I and my friend (master blacksmith) made chisels and a slick for my upcoming Timber Framing project. He made the steel parts. I made handles and leather tip guards. In my opinion chisels and the slick came out very high quality. So the idea was born - to make my own Timber Framing hand tool workshop were we could manufacture high quality fully hand made tools.

Maybe there are anyone who can give me some advice or some dealer/manager or craftsmen who are interested to take apart in my new idea or someone who wants to order some kind of any hand forged tools.

Chisels are made from high quality carbon steel.

The steel is fully hand forged, we don't use a pneumatic hammer. The fracture of the tools looks antique.

Handles are made from ash tree and then linseed oiled.

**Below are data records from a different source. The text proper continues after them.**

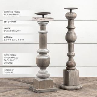 Medium: 5.5"W x 5.5"D x 19"H - Packed: One Set Per Package (you will receive two Candle Sticks)
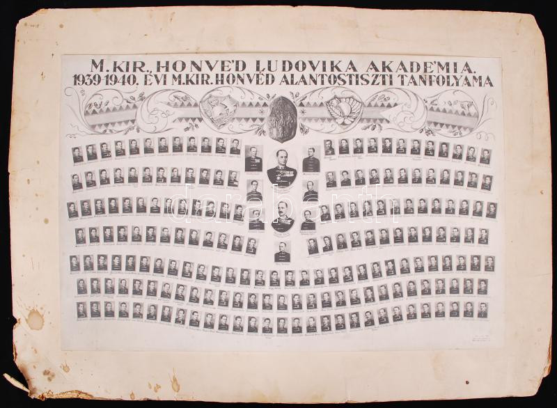 Description: 1939-1940 "A M. Kir. Honvéd Ludovika Akadémia 1939-1940 évi m. kir. honvéd alantostiszti tanfolyama", tablókép vitéz Kisbarnaki Farkas Ferenc (1892-1980) akadémiai parancsnok képével, és 196 további feliratozott portréval, kartonra kasírozva, 40x54,5cm
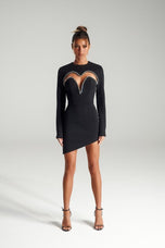 Embrace your uniqueness in this unforgettable short gown created by Portia and Scarlett from The Black Collection, PS325B. Feel sexy in the slim fitting gown that features a keyhole top on the plunged sweetheart neckline and long sleeves. The slim fitting skirt is completed with a side detail! Pair this with a pop of color or keep it classy with silver accessories!
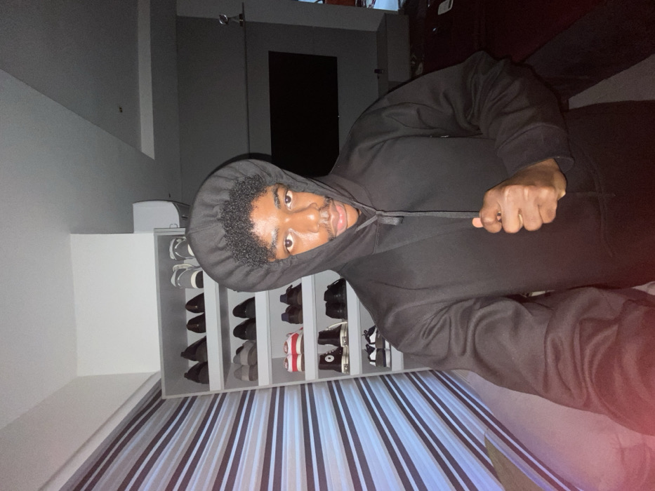 An individual is depicted indoors, in what appears to be a residence in Igboefon, Nigeria. The scene captures a young male with dark skin and dark, curly hair, facing the camera directly. He is wearing a black hooded sweatshirt with the hood pulled over his head; his right hand holds the drawstrings of the hoodie at chest level. To the left of the subject, a window with horizontal blue and white striped blinds is visible. Adjacent to the window is a multi-tiered white shelving unit or shoe rack containing several pairs of shoes, including dark formal shoes, sneakers, and black high-top shoes. Above the shoe rack, a white air conditioning unit is mounted. The background to the right of the subject is darker, featuring a large, wall-mounted dark flat-screen television above a low, dark piece of furniture. A small, reflective object or trophy is visible on a higher surface to the right of the television. The lower right foreground shows a dark surface, possibly part of a bed or sofa. Lighting appears to emanate primarily from the left, illuminating that side of the room and the subject's face more brightly than the right side. A faint reddish hue is present in the lower left corner of the image.
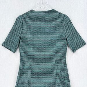 MISOOK Tweed Dress Womens XS Turquoise Short Sleeve Light V-neck Knee Length
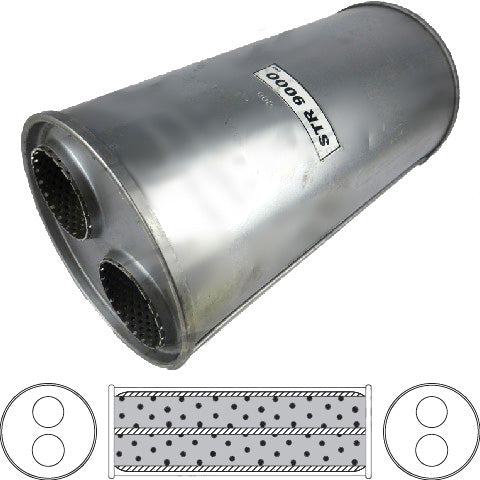Universal Muffler - Twin Application 175mm(7") Round, 400mm(16") Long, 2 x 063mm(2-1/2") In/Out, Centre Centre, No Spigots, Mega Power, Mild Steel
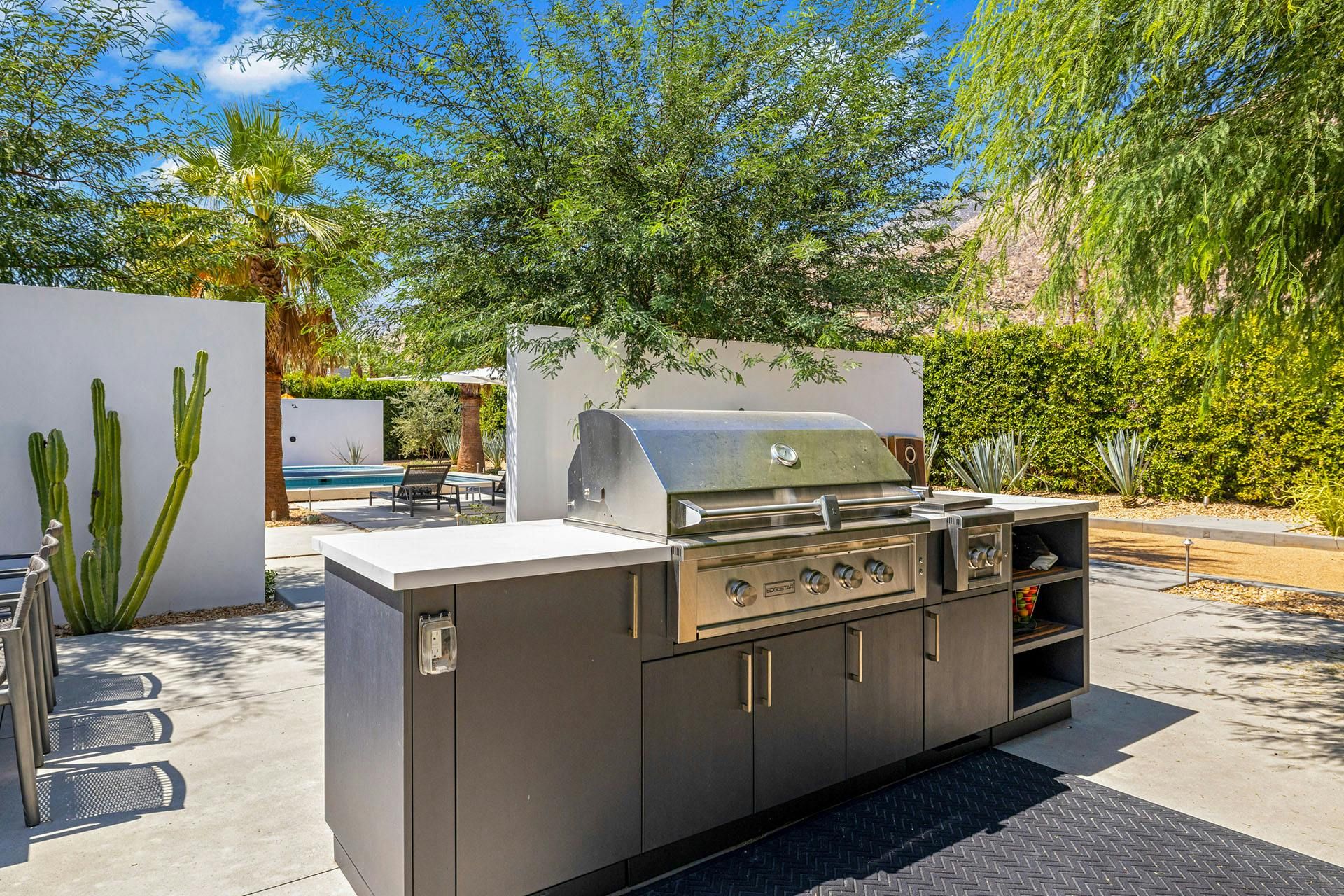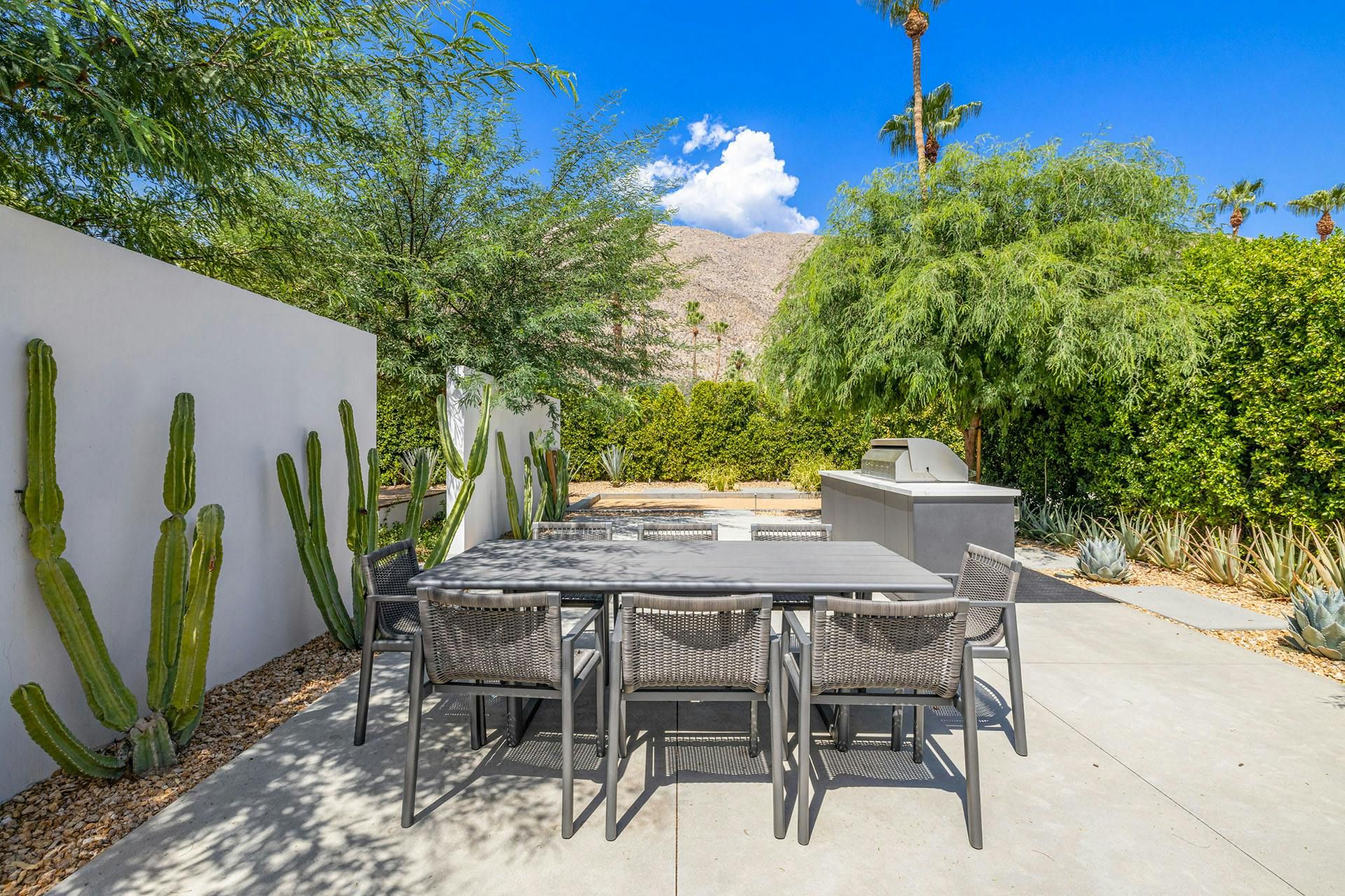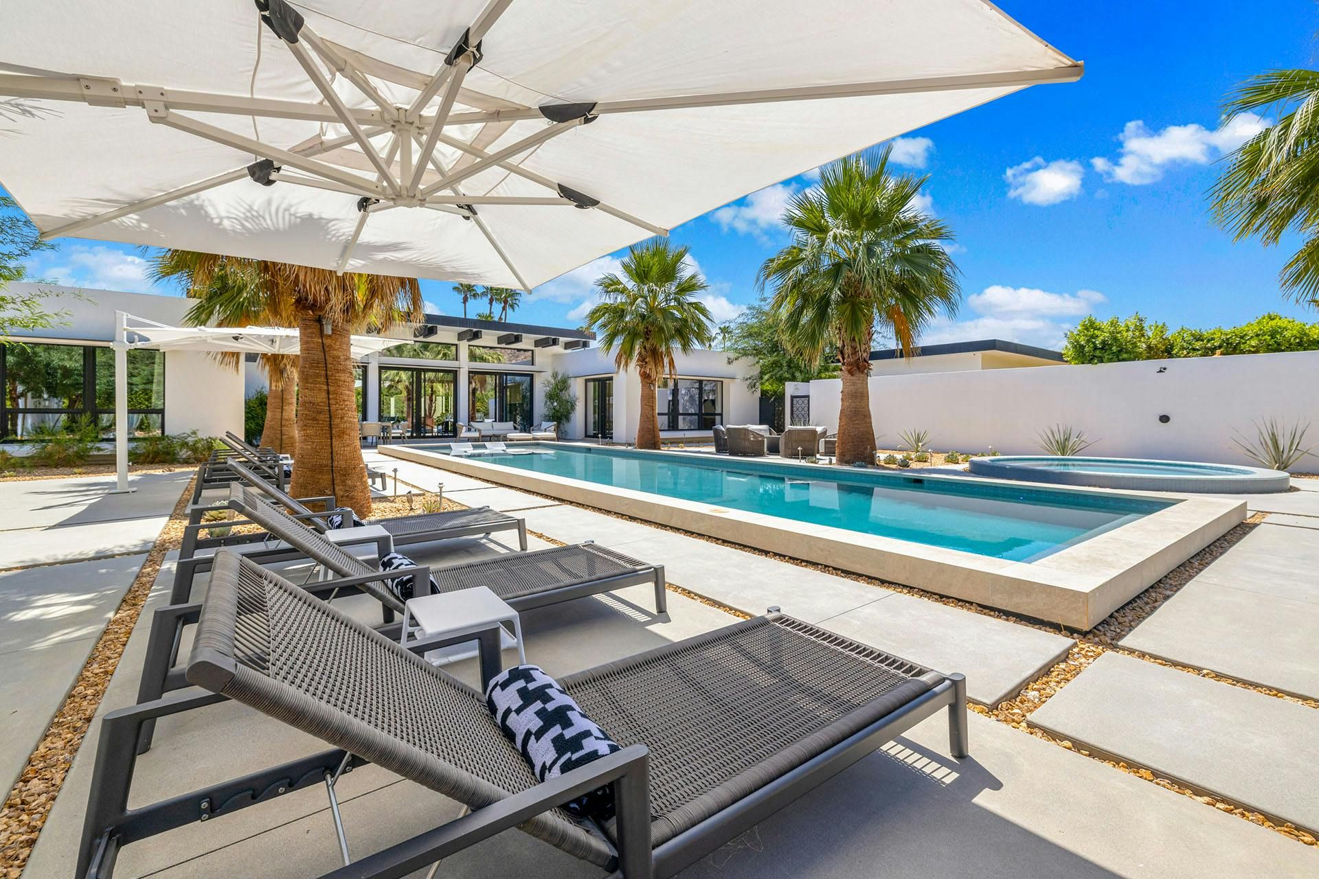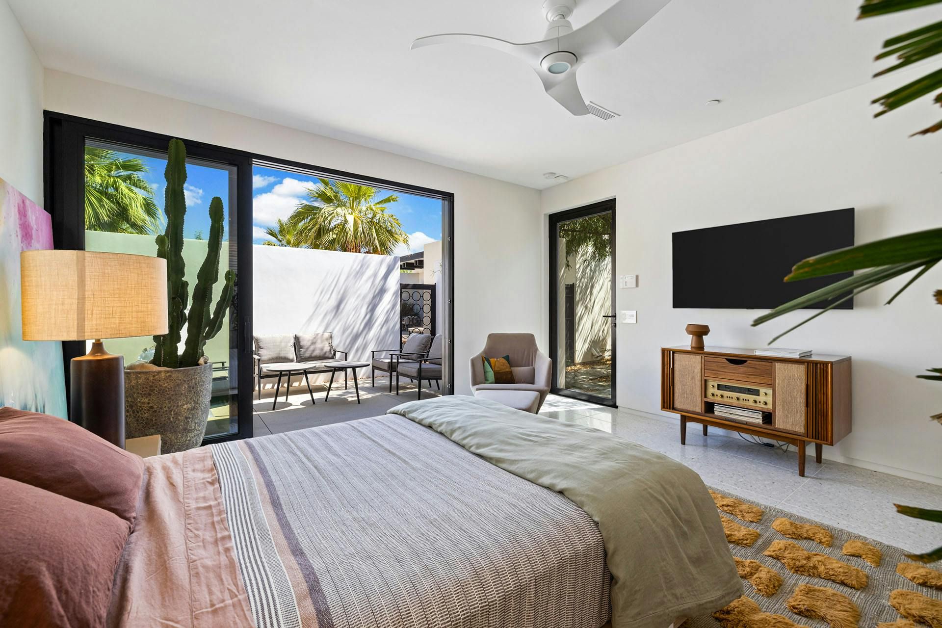 In the heart of South Palm Springs, this stylish home captures the best of desert living. Walls of glass open to a private oasis with a shimmering pool, bubbling spa, and breathtaking mountain views. Whether you’re lounging in the sun, dining alfresco, or gathering by the firepit at sunset, the outdoor space is pure magic. Inside, you’ll find sleek, open-plan living and a gourmet kitchen perfect for group dinners. The separate casita offers extra privacy, complete with its own kitchen and patio – ideal for friends or extended family. And with Palm Canyon Drive’s restaurants, cafes, and shops just moments away, the location couldn’t be better.

They come with handmade leather tip guards.

Chisel width: 2" and 1 and 1/2"

Slick width: 3"

Thank you.

Jacob

Larger images available here:


__
https://flic.kr/p/5846408910


----------



## DaddyT (Oct 15, 2008)

Very nice looking chisels. You and your friend have done an excellent job. One thing I would suggest is a makers mark. You know, something that says "I made this". So how much are you selling them for?


----------



## logjacob (Sep 22, 2011)

Hey. If you look closer at the place where the socket begins - there is a Blacksmith's mark on the tools. There are two initials "KD". As the tools are fully hand forged and hand made, the cost would be:

2 inch chisel: 110 $ + Shipping

1 1/2 inch chisel: 100 $ + Shipping

3 inch slick: 125 $


----------



## jeffro (Jan 11, 2011)

nice looking tools


----------



## Bertha (Jan 10, 2011)

Really, really, really nice.


----------